= Johann Peter Petri =

Robber and accomplice of "Schinderhannes"

Johann Peter Petri, nicknamed Old Black Peter (Der alte Schwarzpeter) or simply Black Peter (Schwarzer Peter), (born 24 March 1752 in Burgen near Bernkastel; died after 1812) was a robber and accomplice of Schinderhannes, the notorious highwayman. The name of the card game, Black Peter may be derived from Petri or from another notorious bandit, Peter Nikoll, also known as Black Peter.

== Life ==
His parents were Johann Peter Petri and Christina Margaretha. Around 1780, Black Peter married Maria Katharina Neumann, the daughter of an innkeeper and charcoal burner, Johann Georg Neumann (c. 1723-1803). Maria was born in 1759 in Schmelz (today a district of Neuhütten, about 15 km from Hüttgeswasen) and lived from 1765 in the hamlet of Hüttgeswasen. It is no longer possible to determine where the marriage was contracted.

With permission of Christian IV, Count Palatine of Zweibrücken, Petri built a hut in Hüttgeswasen, next to his father-in-law's dwelling, in which he lived with his family for eleven years. At that time he worked as lumberjack and charcoal burner. The charcoal produced in Hüttgeswasen was needed for iron and copper smelting by the numerous smeltworks in the district (Amt) of Allenbach.

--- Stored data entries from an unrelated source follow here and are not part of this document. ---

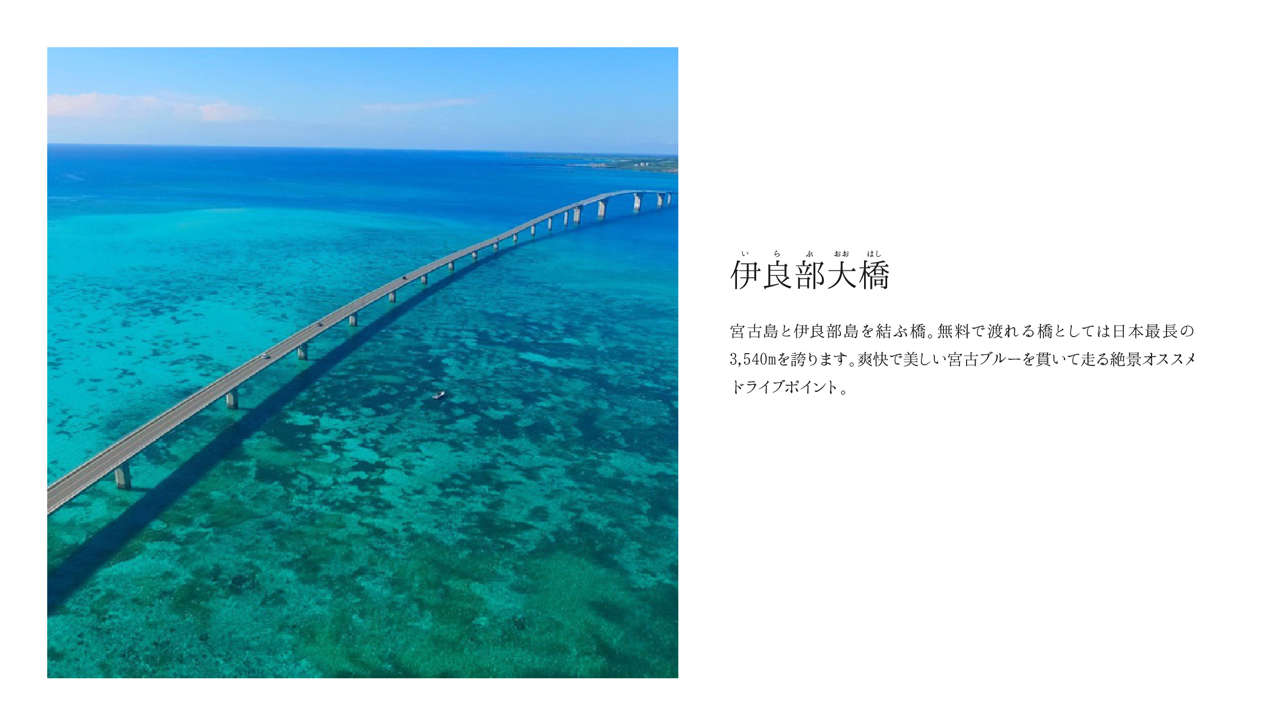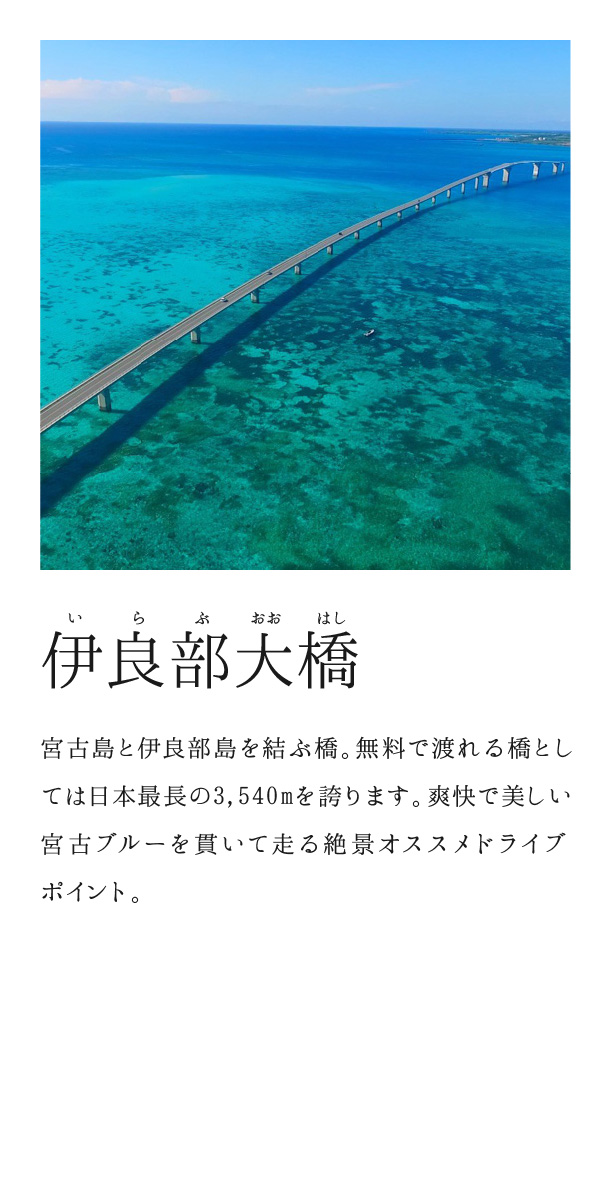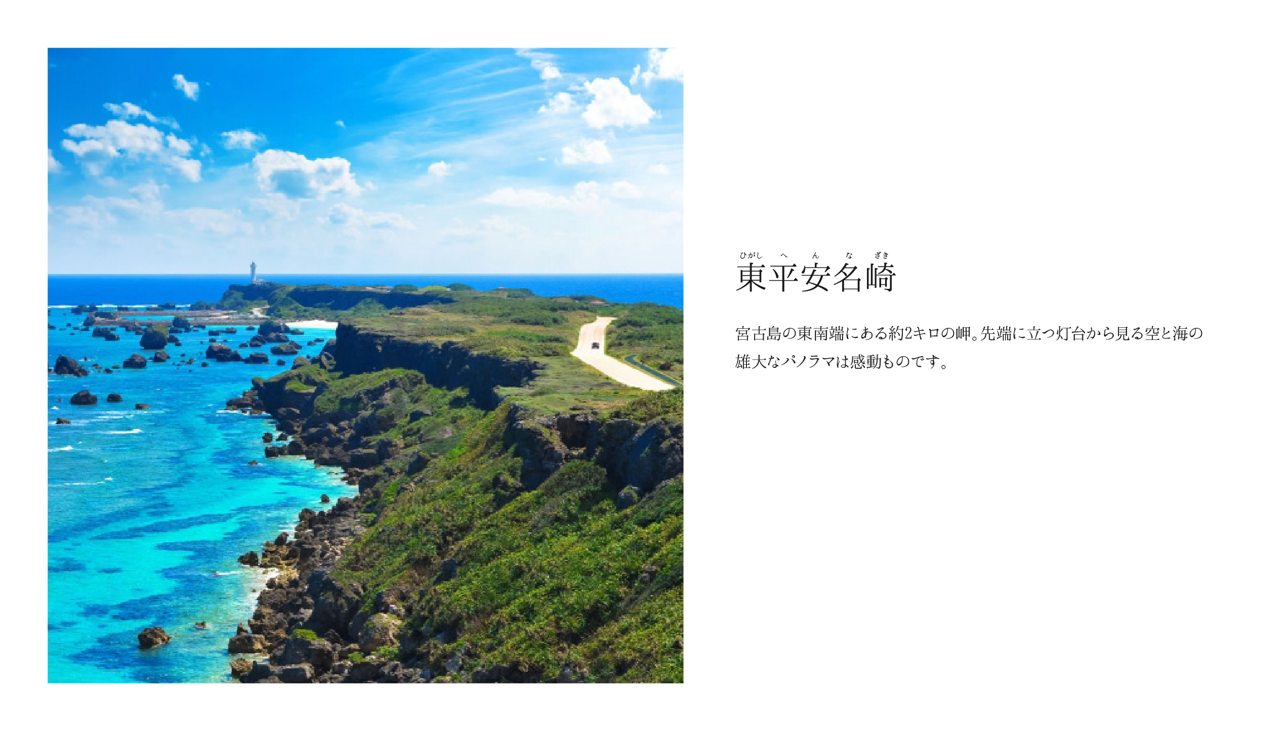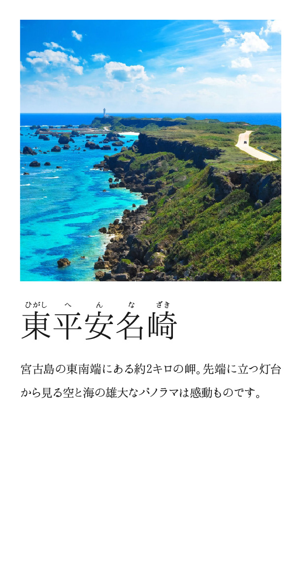 沖縄本島からおよそ300km南西に位置する宮古島は、マリンレジャーやグルメはもちろん、東洋一と呼ばれるパウダーサンドの「与那覇前浜ビーチ」や、日本都市公園百景のひとつにも数えられる「東平安名崎」など、 絶景スポットが数多く存在します。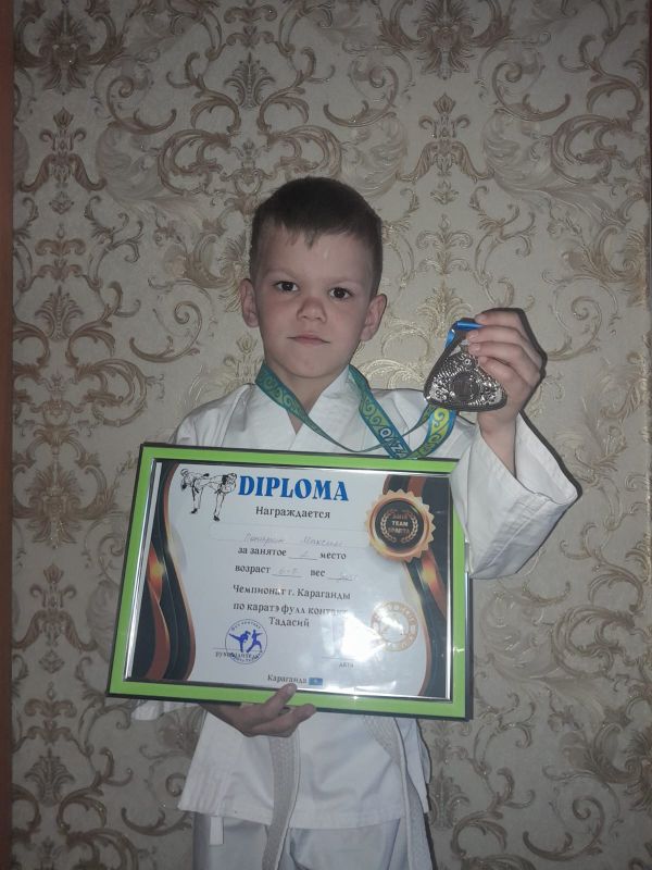 Поздравляем, ученика 1 "В" класса. Понарина Максима за занятое 2 место в чемпионате г.Караганды по каратэ фулл контакт Тадасий. Желаем дальнейших побед!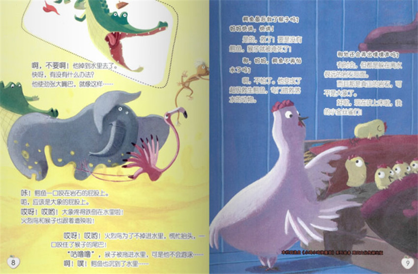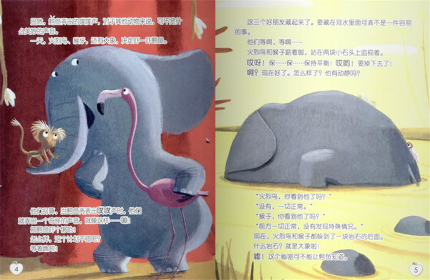 咔!鳄鱼一口咬在岩石的屁股上。呃,应该是大象的屁股上。哎呀!哎哟!大象疼得跌倒在水里啦!火烈鸟和猴子也跟着遭殃啦!哎呀!哎哟!火烈鸟为了不掉进水里,慌忙抬头,一口咬住了猴子的尾巴!“咕噜噜’,猴子被拖进水里,可是他不会游泳...啊!噗!鳄鱼也沉到了水里....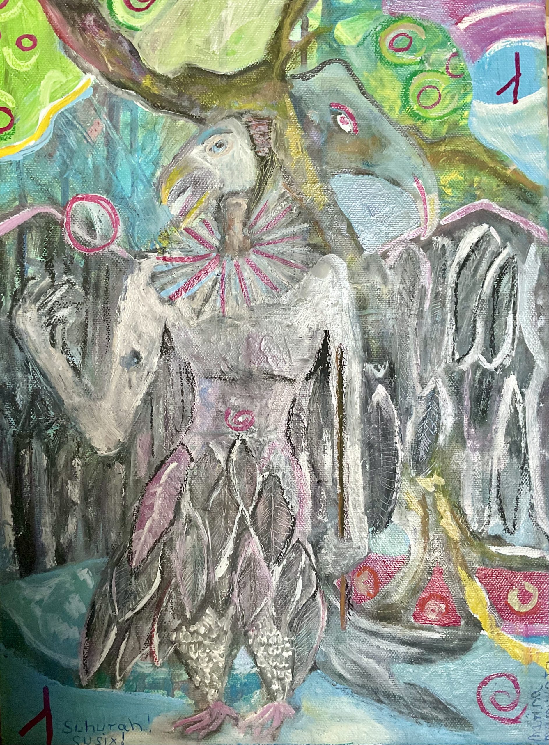 Interessanterweise begleitet mich die Geierin schon seit Jahren. In meinem Buch “Mami Wata Tanz” schrieb ich über eine Feder, die ich am Strand gefunden habe und die von diesem mächtigen Vogel stammt. Anscheinend war mir die Bedeutung, die diese Vogelart für mich hat, in der Zwischenzeit aus dem Bewusstsein entschwunden, wohl überlagert von all den Erfordernissen des Alltags, die uns einerseits mit Wachstumspotential versorgen, auf der anderen Seite uns aber auch ablenken, von dem, was unsere eigentliche Aufgabe im Leben ist. Im Hintergrund war meine Beziehung zu dem Geier aber nie abgebrochen und hat sich durch eine künstlerische Arbeit, die bei mir ja niemals geplant ist, wieder in den aktuellen Fokus gebracht.

In 1781, his first son, Johann Peter Conrad, ("Young Black Peter") was born in Hüttgeswasen. The other children, Elisabeth Margaret (born 1784), John Christian (born 1787), Abraham (1788-1791), Catharine Elisabeth (1791-1792) and John Andrew (born 1792) were also born in Hüttgeswasen. The remaining three of altogether nine children were not from Hüttgeswasen: John George (born 1794/1795), Louise (born 1797/1798) and Leonard (born about 1803/1804).

Old Black Peter's hut was burned down in 1792 during the French invasion. From this time he led an unsettled life with his family. The Petris left Hüttgeswasen and lived until 1811 in many places in the Hunsrück and on the right bank of the Rhine, especially in the area of the Odenwald. The father continued to work as a woodcutter, first for about six months for the villages of Beulich and Gondershausen, then for about a year in Schauren near Kempfeld, where he worked for someone in Hottenbach. After a six-month stay in Weiden near Hottenbach, he worked as a woodcutter at the glassworks in Soonwald for almost four years. After that he moved to Münchwald for six months and then again for a short time to the area on the right bank of the Nahe.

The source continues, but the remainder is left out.